A thunderstorm last night broke our run of fine days.
Even though the rain had been stopped some time, droplets persisted everywhere.
The thornless bramble is more decorative than anything. It has plenty of blackberries but they’re really hard to pick unless they’re at the peak of ripeness, and the birds have their eye on them as well.
It’s rained all day today – this photo is from a couple of days ago.
The so-called Scarce Swallowtail Butterfly is actually more common here than the Swallowtail Butterfly.
They’re both really beautiful but when you’ve known one as a caterpillar and a chrysalis it makes you a bit biased.
These single red roses have been battered by wind and rain.
The hoverflies still find them attractive, though.
It’s rained almost non-stop now for two days.
The ground squelches underfoot.
Yesterday a thin line of water oozed under the seal of the kitchen window.
The water level in the swimming pool, high to start with in order to prime the pump, rose so high I had to empty some out.
The top of the GPL tank, which is situated so that it acts like a sump, needed bailing out – I filled nine buckets.
So in all this super-abundance of water, the taps run dry – twice: last night and again this morning.

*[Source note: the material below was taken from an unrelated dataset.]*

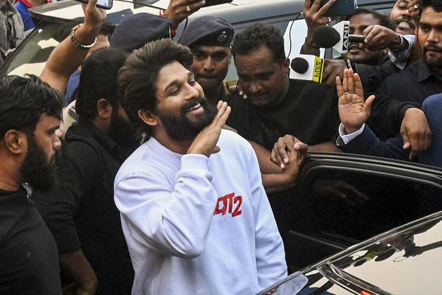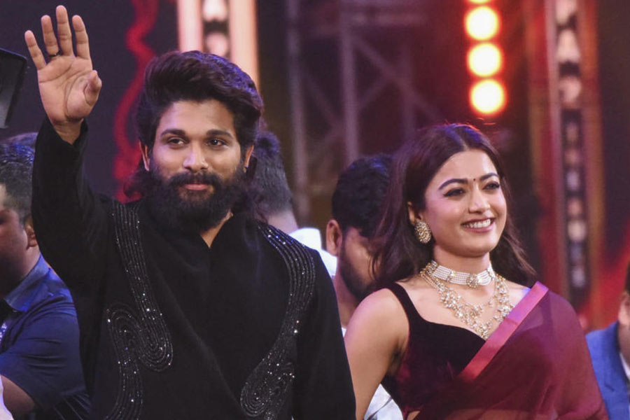 The event was attended by the film's stars Allu Arjun and Rashmika Mandanna as well as over 10,000 screaming fans. At one point, things seemed to be getting out of control as fans climbed barricades and structures to get close to the stars.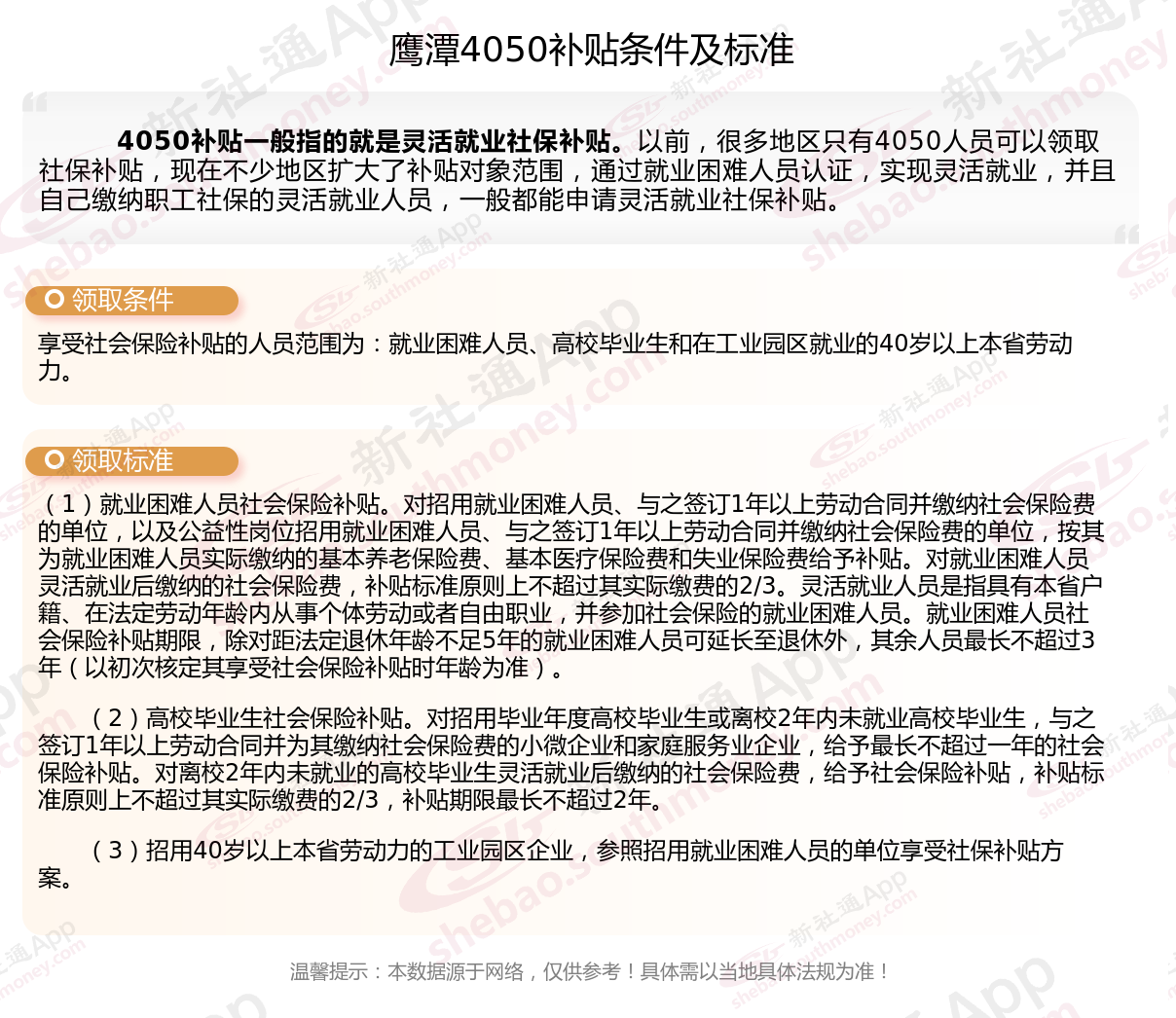 二、鹰潭4050社保补贴标准及条件2025年最新消息

According to the Water Company technician, an actuator needs replacing.
Rain and roses, or thunder and roses more like: a storm is passing overhead this very moment and will doubtless break the stem of some of these blooms.

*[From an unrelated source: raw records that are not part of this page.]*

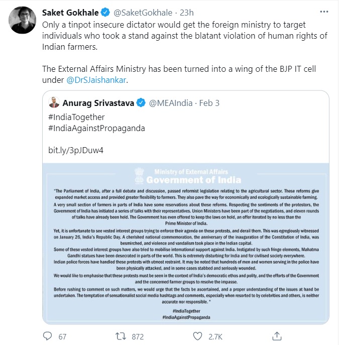 As similar to many left-wing social media users, Saket Gokhale too had objected to the Indian government’s statement against foreign interference into India’s domestic affairs.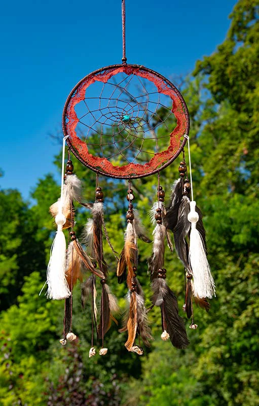 Der Legende nach wurde die Idee des Traumfängers den amerikanischen Ureinwohner*innenin Visionen übermittelt. Gesponnen wie das Netz einer Spinne, agiert der Traumfänger als Filter, der negative Gedanken und Träume von den Guten trennt und nur das durchlässt, was uns Menschen hilft, ungehindert den für uns richtigen Weg zu gehen. über dem Bett wirkt er als kraftvolles Schutzsymbol, an der Wand befestigt zieht er das Chi an und frei im Raum schwebend lenkt und verteilt er es.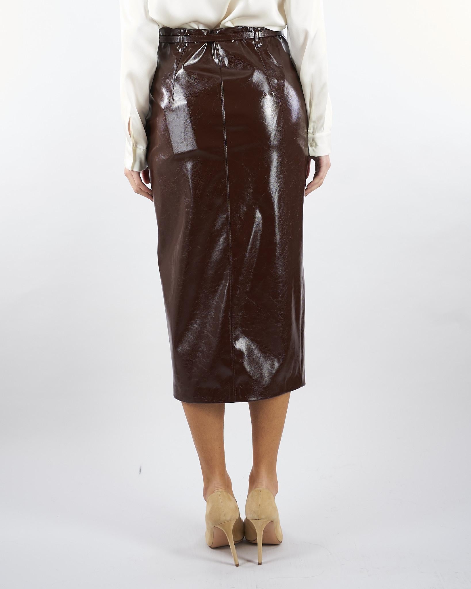 Gonna Cioccolato in ecopelle con cintura e spacco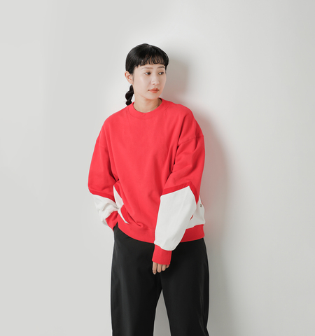 贅沢な100%コットンの起毛フリースを使用した暖かなスウェット。袖口、サイドの配色デザインがスタイリングをおしゃれ顔に仕上げてくれる一枚。袖まわりに余裕をもたせたオーバーサイズで、見た目にもトレンドライクでこなれ感たっぷりの着こなしにシフト。週末のラフなコーデから、きれいめなパンツと合わせたタウンユースまで、幅広いシーンで活躍してくれます。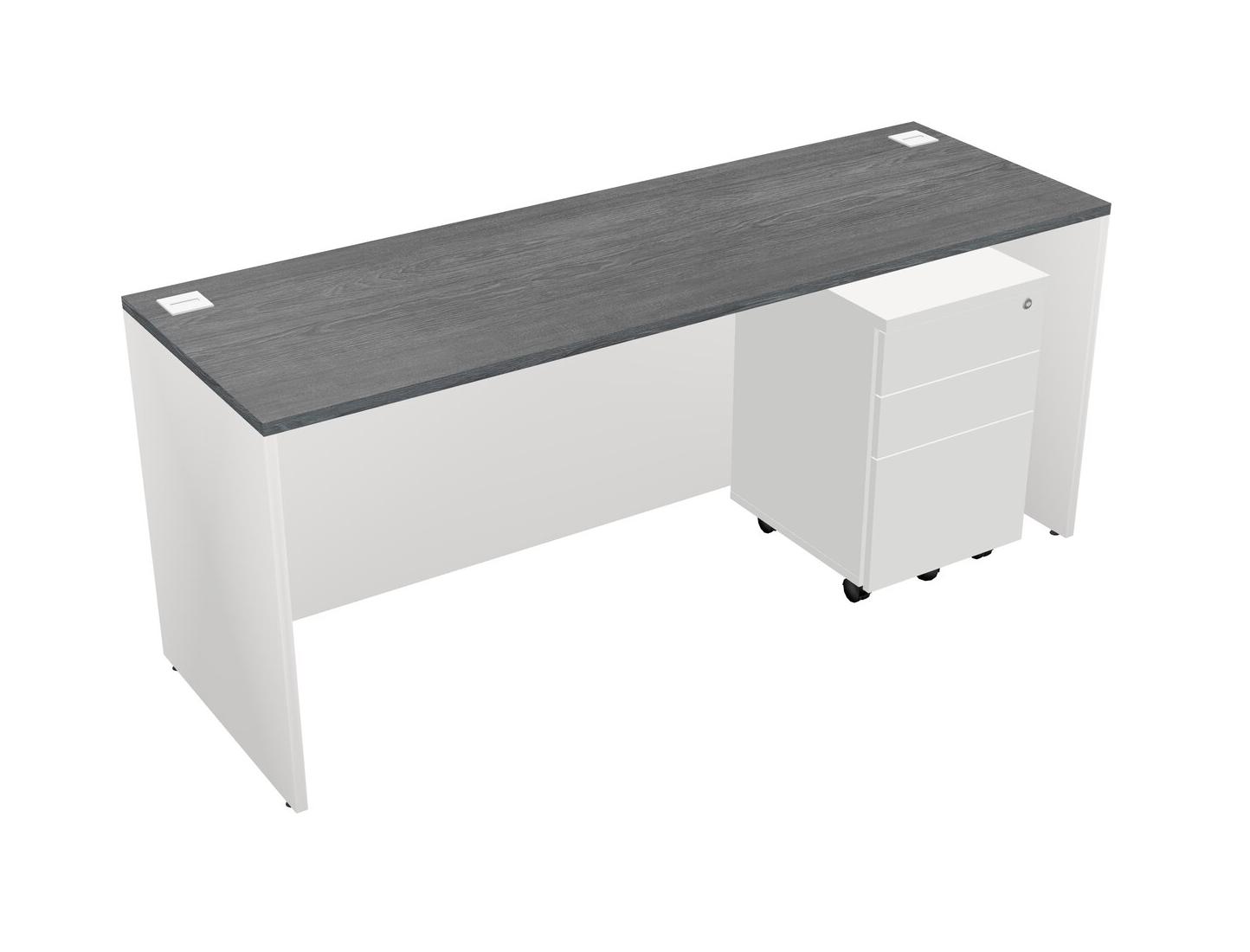 Grey Rectangular Office Desk Plus White Wooden Mobile Drawers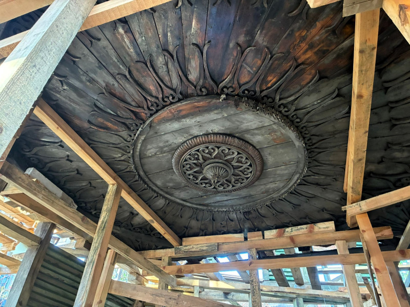 Kocaeli Büyükşehir Belediyesi, Gölcük ilçesine bağlı Saraylı Köyü Meydanı’ndaki tescilli yapıda yürüttüğü yenileme çalışmalarına devam ediyor. Ekipler, çalışma kapsamında yapının en estetik bölümü olan el işçiliği ahşap göbekli tavanı koruma altına aldı.

But there was moonlight last night, as well as a deafening shrill of crickets.
This frond of Spiraea has grown right up into an olive tree.
It would make the perfect virginal bride’s hair accessory were it not for the fact that the diamonds would fall off.
A tall, slender type of flax with very small blue flowers is popping up everywhere.
I’ve been too tender on it; really it shouldn’t be among the raspberries but I hate pulling it up.
The flowers close in the rain but there was just enough of a break between showers today for me to find this flower open.